Dust Devil Review

Dust Devil

by Mark Salisbury |
Published on
Release Date:

01 Jan 1992

Running Time:

103 minutes

Certificate:

18

Original Title:

Dust Devil

Having tackled the post-apocalyptic, technological menace of Hardware, South African writer-director Richard Stanley here returns to his roots with a highly ambitious amalgam of splatter movie, Spaghetti Western and arthouse flick.

On the eve of Namibia's independence from its large neighbour, a mythical shape-shifting, hitchhiking serial killer (Burke) is hunting down those individuals for whom life no longer has meaning, disembowelling them and collecting their digits and souls in an effort to return to the spirit world. At each crime scene he paints a series of mystic symbols using the victim's blood, leaving Ben Mukurob (Mokae), the disillusioned black cop investigating the murders and a man plagued by nightmares of his dead son and divorced wife, to seek the help of Joe Nimemand (John Matshikiza), the half mad/half blind projectionist at the local drive-in cinema, to uncover their demonic significance.

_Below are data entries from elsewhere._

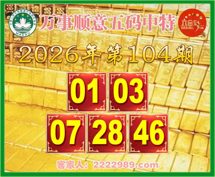 104期: 《万事顺意》 五码中特01.03.07.28.46】开:01
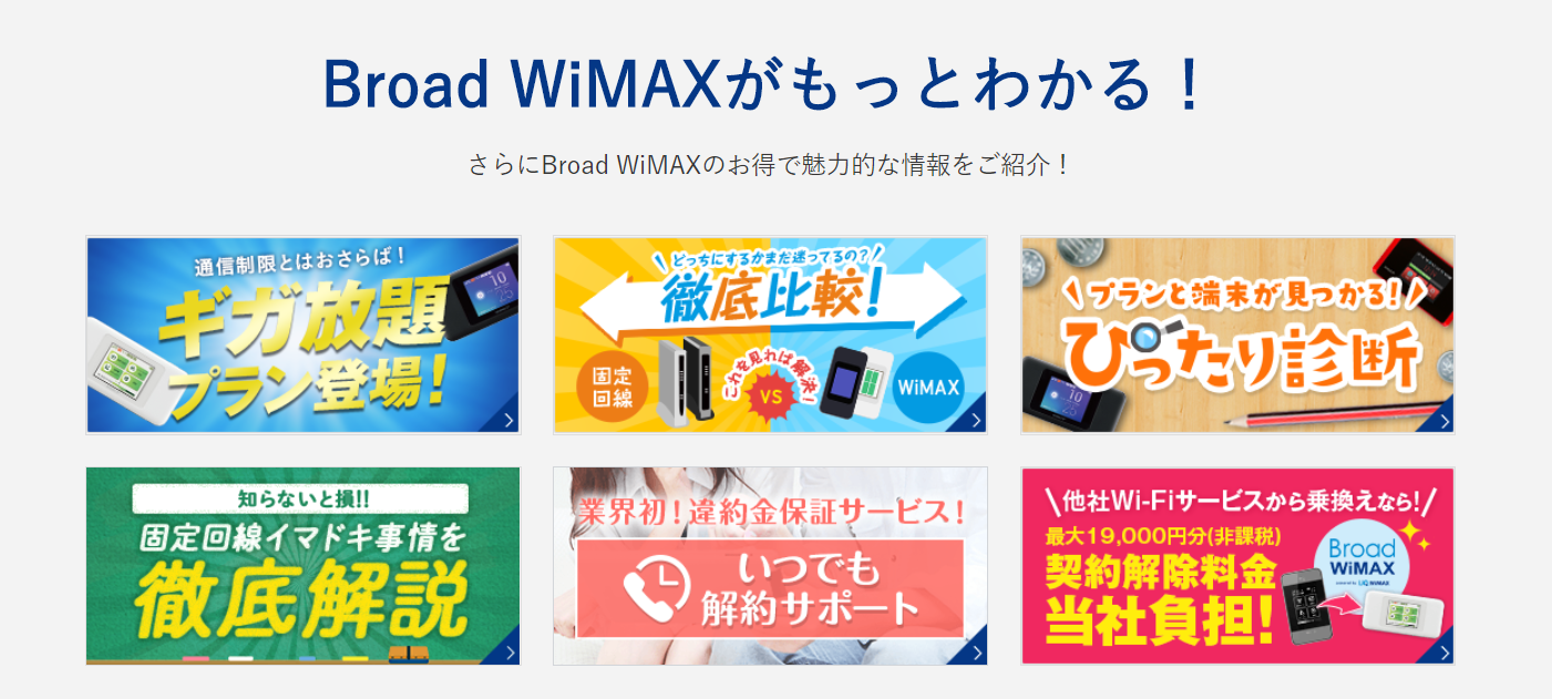WiMAX業界の大手、GMOとくとくBB、さらに本家UQ WiMAXと比較しても、こういった保証を用意したプロバイダは今のところBroad WiMAXただ1社しか見つかりませんでした。
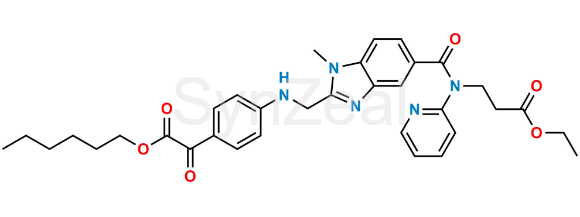Dabigatran Impurity 67 is chemically Ethyl 3-(2-(((4-(2-(hexyloxy)-2-oxoacetyl)phenyl)amino)methyl)-1-methyl-N-(pyridin-2-yl)-1H-benzo[d]imidazole-5-carboxamido)propanoate. Dabigatran Impurity 67 is supplied with detailed characterization data compliant with regulatory guideline. Dabigatran Impurity 67 can be used for the analytical method development, method validation (AMV), Quality Controlled (QC) application for Abbreviated New Drug Application (ANDA) or during commercial production of Dabigatran.
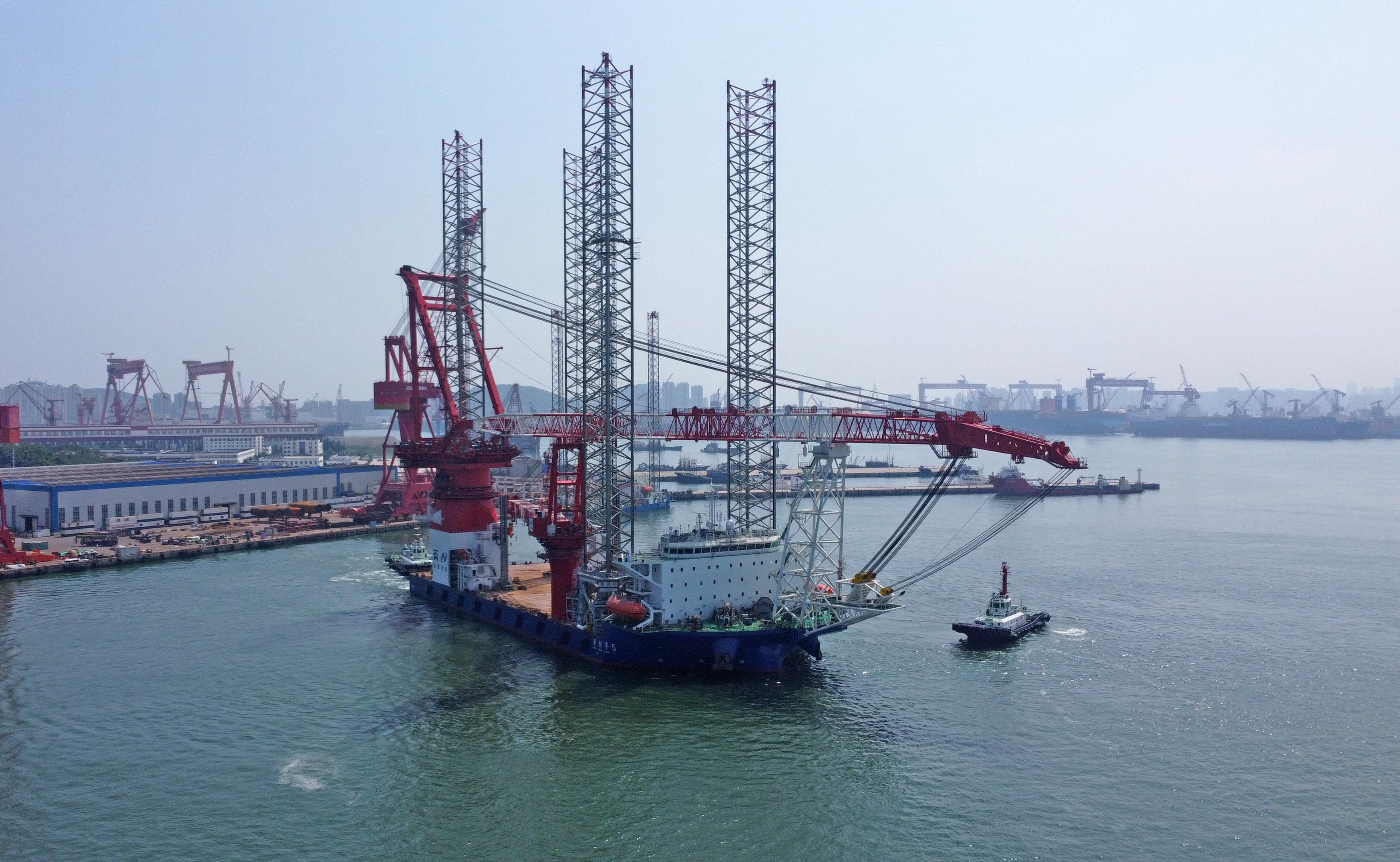 近日,我国新一代海工装备“重器”——“第四代+”海上风电施工平台“港航平5”,在青岛海西重机码头交付。该平台由天津港集团下属天津港航工程有限公司(以下简称“天津港航”)投建,是目前国内起升高度最高、综合起重能力最强、升降桩腿最长的自航自升式海上风电安装平台。它的建成为我国海上风电向深远海进军提供了可借鉴的解决方案。
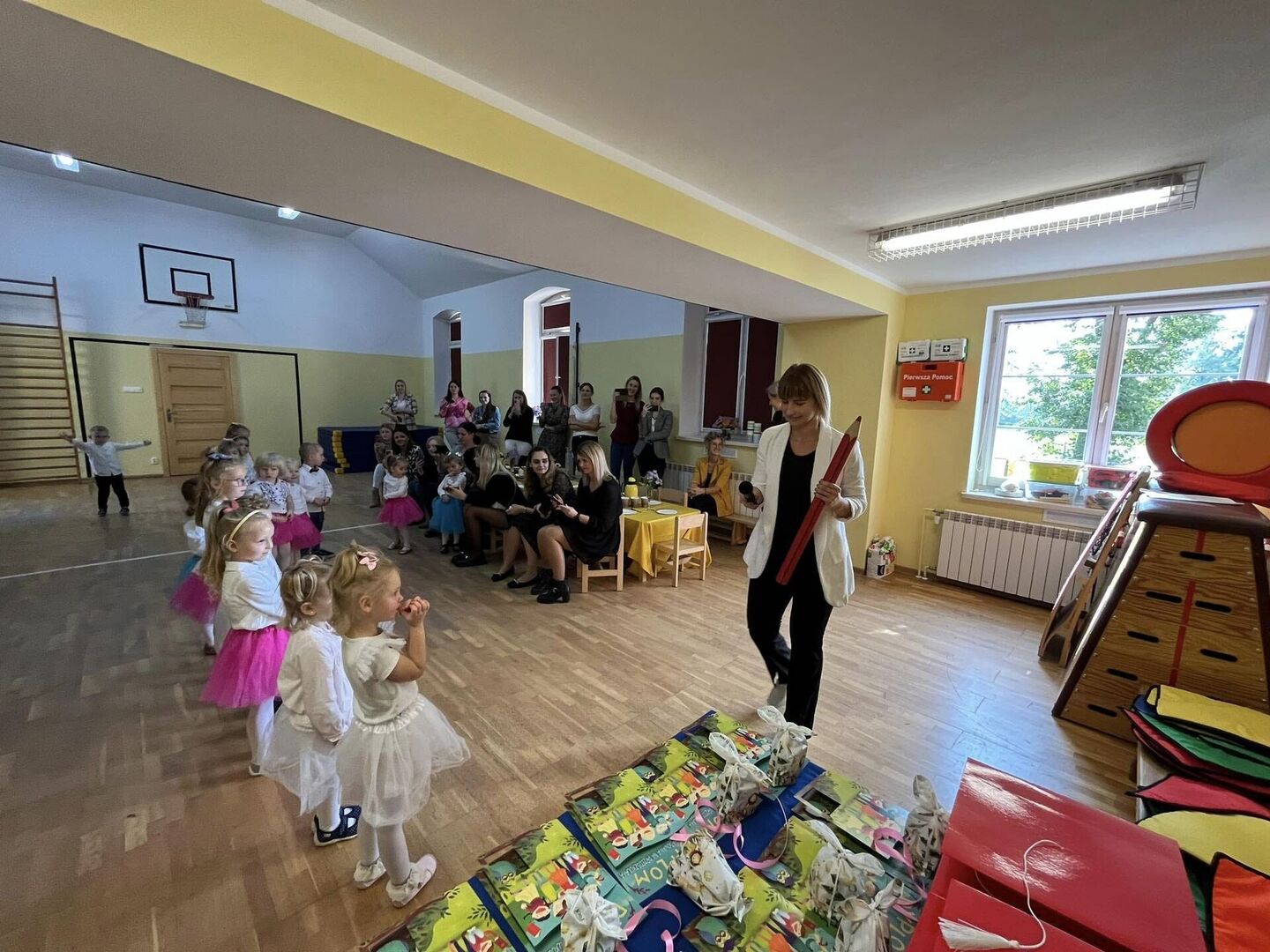 Pasowanie na Przedszkolaka to pierwsza wyjątkowa uroczystość w życiu każdego dziecka, które we wrześniu tego roku po raz pierwszy rozpoczyna swoją przygodę z przedszkolem. Dzieci po raz pierwszy zaprezentowały swoje umiejętności wokalne, recytatorskie i taneczne na szerszym forum. Następnie złożyły uroczyste ślubowanie, a Pani Daria w zastępstwie za Panią Dyrektor dokonała uroczystego pasowania. Na pamiątkę tak ważnego wydarzenia wręczyła każdemu dziecku dyplom. Wielkie brawa dla Pań za przygotowanie

Meanwhile, having walked out on her bullying husband, battered white South African Wendy Robinson (Field) flees across the border, heading towards the near-abandoned mining town of Bethany, picking up Burke en route, unaware that his seductive persona spells death. In direct contrast to Hardware's heady MTV-inspired barrage of sound and vision, Stanley opts here for a series of elaborate, languorous tracking shots, borrowing readily from the work of Sergio Leone, with Burke dressed like Clint Eastwood's Man With No Name, and Simon Boswell's score echoing Ennio Morricone's distinctive Dollars sound.

An audacious, highly stylised, intensely personal piece of filmmaking, this owes as much to the work of Alexandro Jodorowsky as it does to Leone's Once Upon A Time In The West, with Stanley fusing his political and social preoccupations and his interest in dreams, magic and witchcraft to quite mesmerising effect. An instant cult classic.